Sunday, January 19, 2014

Triple-Chocolate Chunk Pecan Pie

Ingredients
1 single pie crust
3 T unsalted butter, cut into 3 pieces
3/4 C packed dark brown sugar
1/2 tsp table salt
2 large eggs
1/2 cup light corn syrup
1 tsp vanilla extract
1 C (4 oz) pecans, toasted and chopped coarse
6 oz total of semisweet, milk and white chocolate chopped coarse

Directions
1. Adjust an oven rack to the middle position and heat the oven to 375 degrees.  Line a chilled pie shell with a double layer of foil and fill with pie weights.  Bake until the pie dough looks dry and is light in color, 25 to 30 minutes.  Transfer the pie plate to a wire rack and remove the weights and foil.  Adjust the oven rack to the lower-middle position and reduce the oven temperature to 275 degrees.

2.  Melt the butter in a heatproof bowl set in a skillet of water maintained at just below a simmer.  Remove the bowl from the skillet and stir in the sugar and salt until the butter is absorbed.  Whisk in the eggs, then the corn syrup and vanilla until smooth.  Return the bowl to the hot water and stir until the mixture is shiny and hot to the touch and registers 130 degrees on an instant-read thermometer.  Off the heat, stir in the pecans.
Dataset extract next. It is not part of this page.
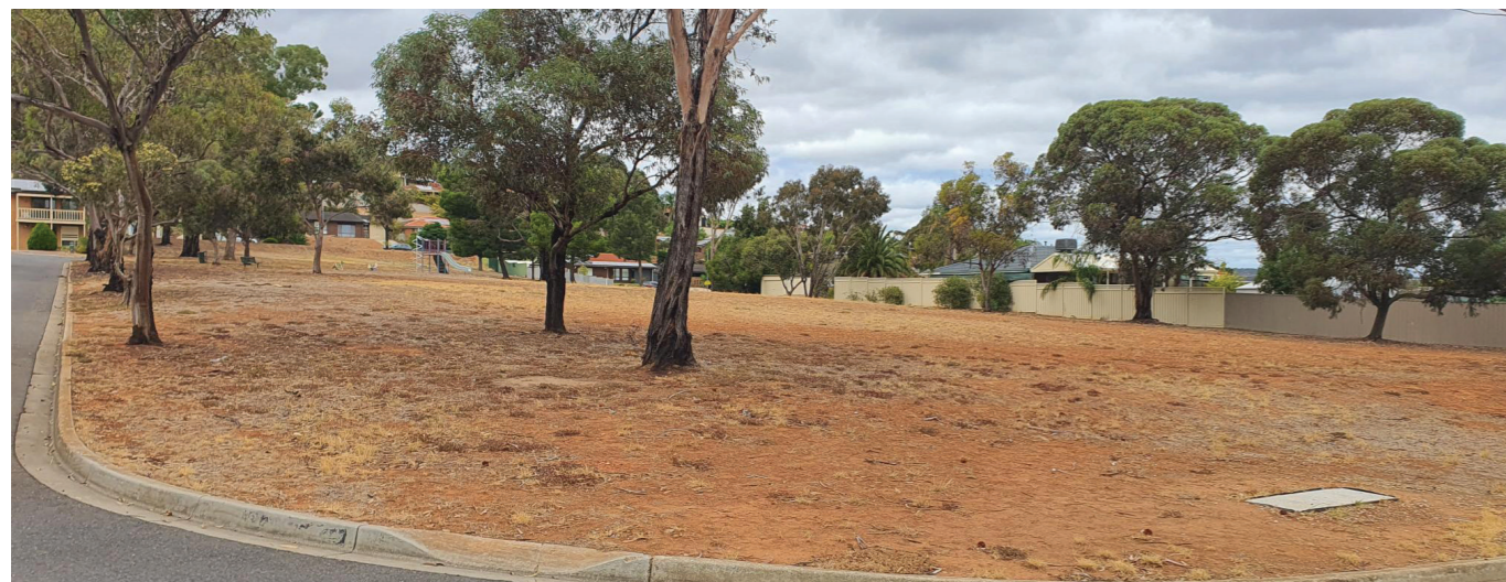
Current images of Gloaming Reserve.

3.  Pour the pecan mixture into the warm pie crust.  Scatter the chocolate over the top and lightly press it into the filling with the back of a spoon.  Bake the pie until the filling looks set but yields like Jell-O when gently pressed with the back of a spoon, 50 to 60 minutes.  Cool the pie on a wire rack until the filling has firmed up, about 2 hours; serve slightly warm or at room temperature.